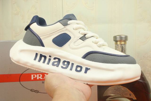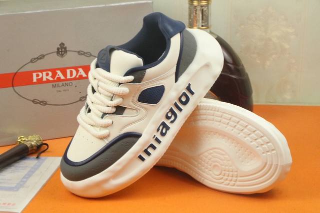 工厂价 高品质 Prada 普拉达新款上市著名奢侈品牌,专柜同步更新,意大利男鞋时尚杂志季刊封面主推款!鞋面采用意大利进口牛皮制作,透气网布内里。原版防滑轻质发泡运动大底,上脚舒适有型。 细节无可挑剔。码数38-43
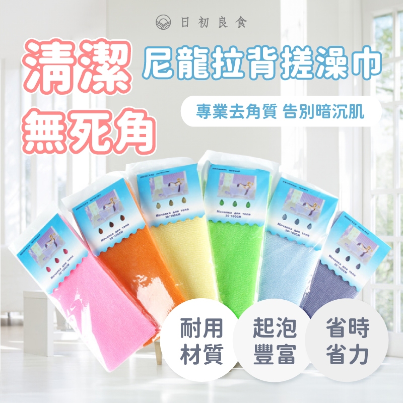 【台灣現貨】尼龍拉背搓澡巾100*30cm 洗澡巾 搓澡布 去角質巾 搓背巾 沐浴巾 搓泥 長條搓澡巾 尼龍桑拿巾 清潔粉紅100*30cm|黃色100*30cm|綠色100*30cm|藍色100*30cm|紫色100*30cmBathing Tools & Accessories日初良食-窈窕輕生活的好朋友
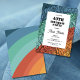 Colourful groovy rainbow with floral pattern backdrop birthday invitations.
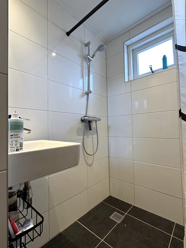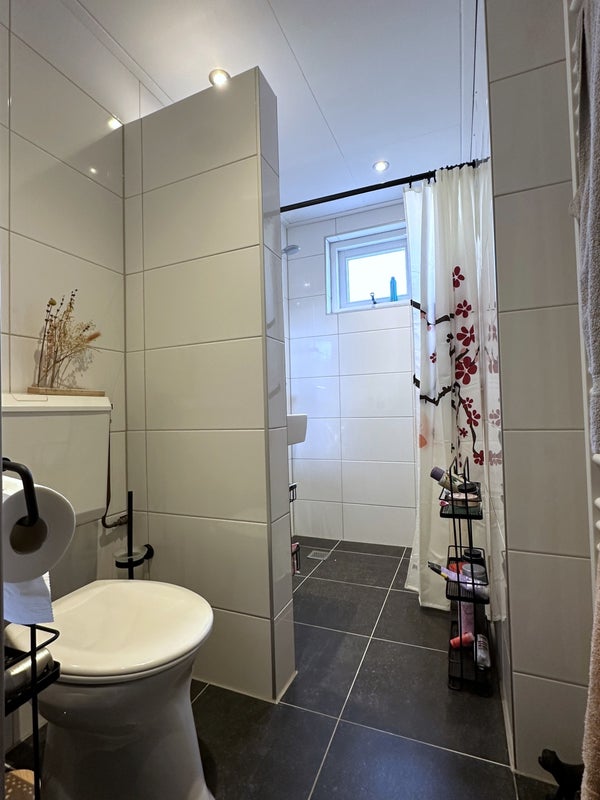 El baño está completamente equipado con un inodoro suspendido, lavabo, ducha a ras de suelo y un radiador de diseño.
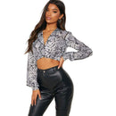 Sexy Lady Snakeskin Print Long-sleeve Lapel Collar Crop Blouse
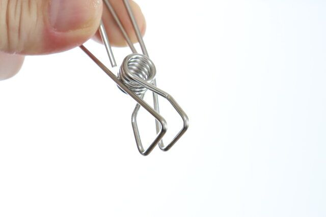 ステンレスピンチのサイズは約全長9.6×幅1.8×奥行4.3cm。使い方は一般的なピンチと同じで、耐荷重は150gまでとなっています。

==

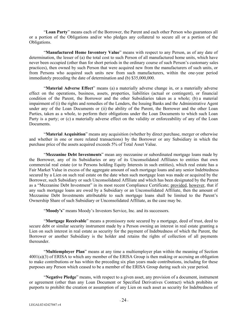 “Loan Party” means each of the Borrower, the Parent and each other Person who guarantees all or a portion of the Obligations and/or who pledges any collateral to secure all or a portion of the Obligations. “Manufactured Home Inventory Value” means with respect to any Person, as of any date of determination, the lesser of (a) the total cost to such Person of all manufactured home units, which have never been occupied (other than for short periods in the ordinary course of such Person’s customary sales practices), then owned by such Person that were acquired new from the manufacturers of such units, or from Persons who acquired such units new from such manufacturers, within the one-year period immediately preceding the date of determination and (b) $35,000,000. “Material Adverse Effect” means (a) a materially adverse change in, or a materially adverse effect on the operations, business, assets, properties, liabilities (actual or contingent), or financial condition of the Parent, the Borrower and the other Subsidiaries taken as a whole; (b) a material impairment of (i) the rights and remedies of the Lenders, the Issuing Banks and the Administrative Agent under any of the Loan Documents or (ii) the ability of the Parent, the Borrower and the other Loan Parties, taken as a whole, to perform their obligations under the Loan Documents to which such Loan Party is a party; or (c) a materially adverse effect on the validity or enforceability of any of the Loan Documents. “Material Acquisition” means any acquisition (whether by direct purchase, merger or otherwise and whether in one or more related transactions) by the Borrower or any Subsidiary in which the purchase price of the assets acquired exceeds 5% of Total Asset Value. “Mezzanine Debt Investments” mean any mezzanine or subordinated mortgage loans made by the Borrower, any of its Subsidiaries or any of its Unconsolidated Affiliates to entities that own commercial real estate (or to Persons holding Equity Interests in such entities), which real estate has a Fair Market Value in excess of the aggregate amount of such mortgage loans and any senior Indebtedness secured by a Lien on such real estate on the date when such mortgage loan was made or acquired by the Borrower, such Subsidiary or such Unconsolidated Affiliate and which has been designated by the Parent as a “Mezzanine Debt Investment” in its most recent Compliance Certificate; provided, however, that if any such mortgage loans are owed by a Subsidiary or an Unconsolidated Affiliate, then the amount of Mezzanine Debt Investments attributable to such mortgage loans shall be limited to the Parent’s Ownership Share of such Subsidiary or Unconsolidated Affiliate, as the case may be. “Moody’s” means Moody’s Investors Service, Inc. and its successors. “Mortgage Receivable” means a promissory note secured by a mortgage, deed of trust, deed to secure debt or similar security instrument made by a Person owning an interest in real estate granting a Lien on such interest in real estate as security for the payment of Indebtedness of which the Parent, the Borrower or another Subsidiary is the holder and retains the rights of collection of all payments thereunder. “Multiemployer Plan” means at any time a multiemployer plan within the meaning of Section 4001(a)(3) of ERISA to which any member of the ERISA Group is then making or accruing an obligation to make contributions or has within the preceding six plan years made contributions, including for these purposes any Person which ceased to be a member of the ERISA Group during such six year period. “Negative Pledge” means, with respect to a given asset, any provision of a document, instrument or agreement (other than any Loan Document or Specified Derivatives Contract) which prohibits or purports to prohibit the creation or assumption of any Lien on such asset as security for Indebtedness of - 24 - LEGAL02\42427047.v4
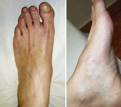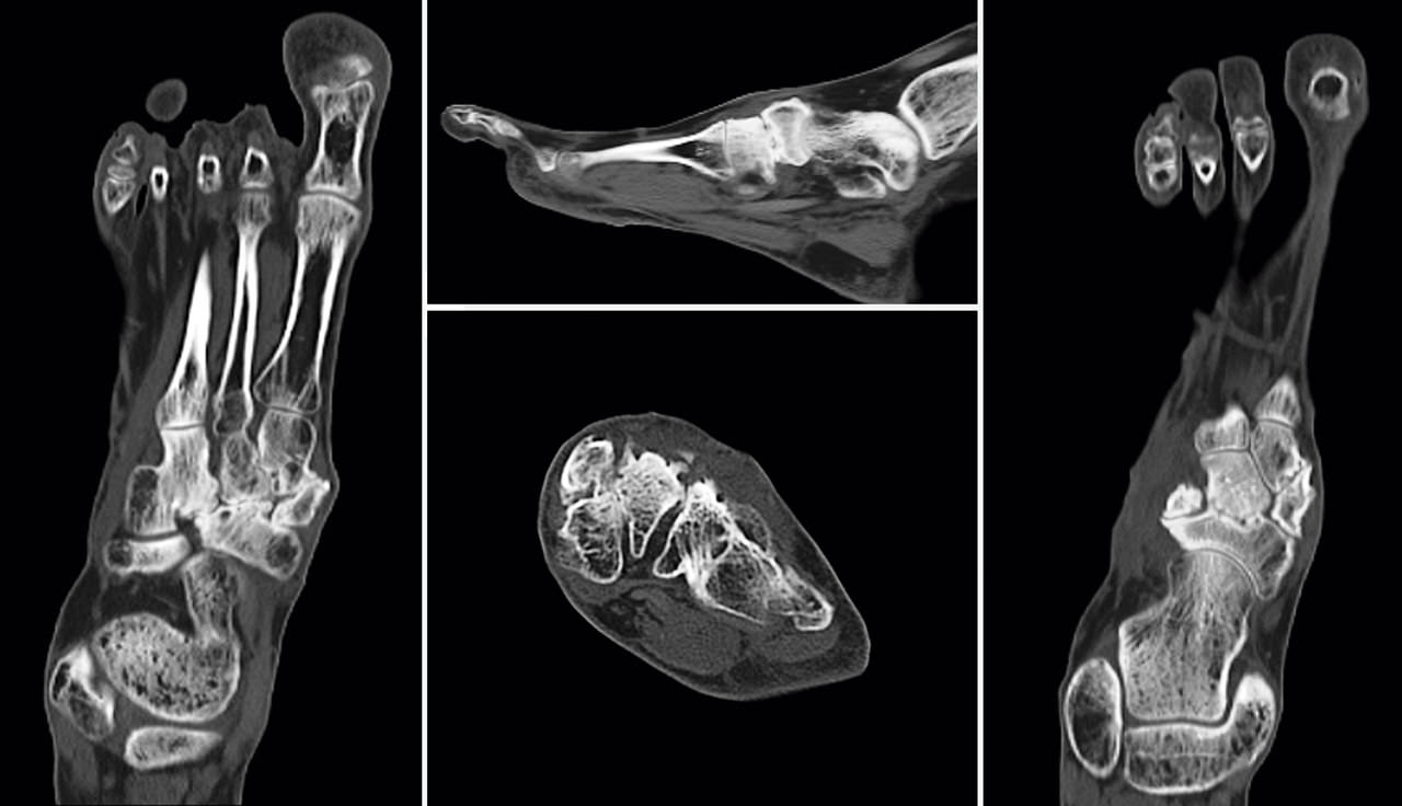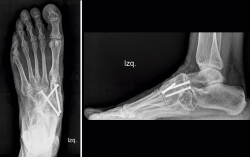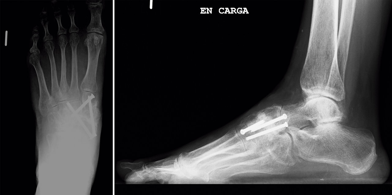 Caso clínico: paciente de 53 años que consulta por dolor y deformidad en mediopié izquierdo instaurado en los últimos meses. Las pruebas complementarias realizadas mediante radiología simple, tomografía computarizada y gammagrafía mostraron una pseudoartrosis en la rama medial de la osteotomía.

Assignment> Out of the records above, return only the lines from the one with "工厂价 高品质 Prada" through the one with "Tools & Accessories日初良食-窈窕輕生活的好朋友", exactly, and none of the pictures.

Problem solution>
 工厂价 高品质 Prada 普拉达新款上市著名奢侈品牌,专柜同步更新,意大利男鞋时尚杂志季刊封面主推款!鞋面采用意大利进口牛皮制作,透气网布内里。原版防滑轻质发泡运动大底,上脚舒适有型。 细节无可挑剔。码数38-43
 【台灣現貨】尼龍拉背搓澡巾100*30cm 洗澡巾 搓澡布 去角質巾 搓背巾 沐浴巾 搓泥 長條搓澡巾 尼龍桑拿巾 清潔粉紅100*30cm|黃色100*30cm|綠色100*30cm|藍色100*30cm|紫色100*30cmBathing Tools & Accessories日初良食-窈窕輕生活的好朋友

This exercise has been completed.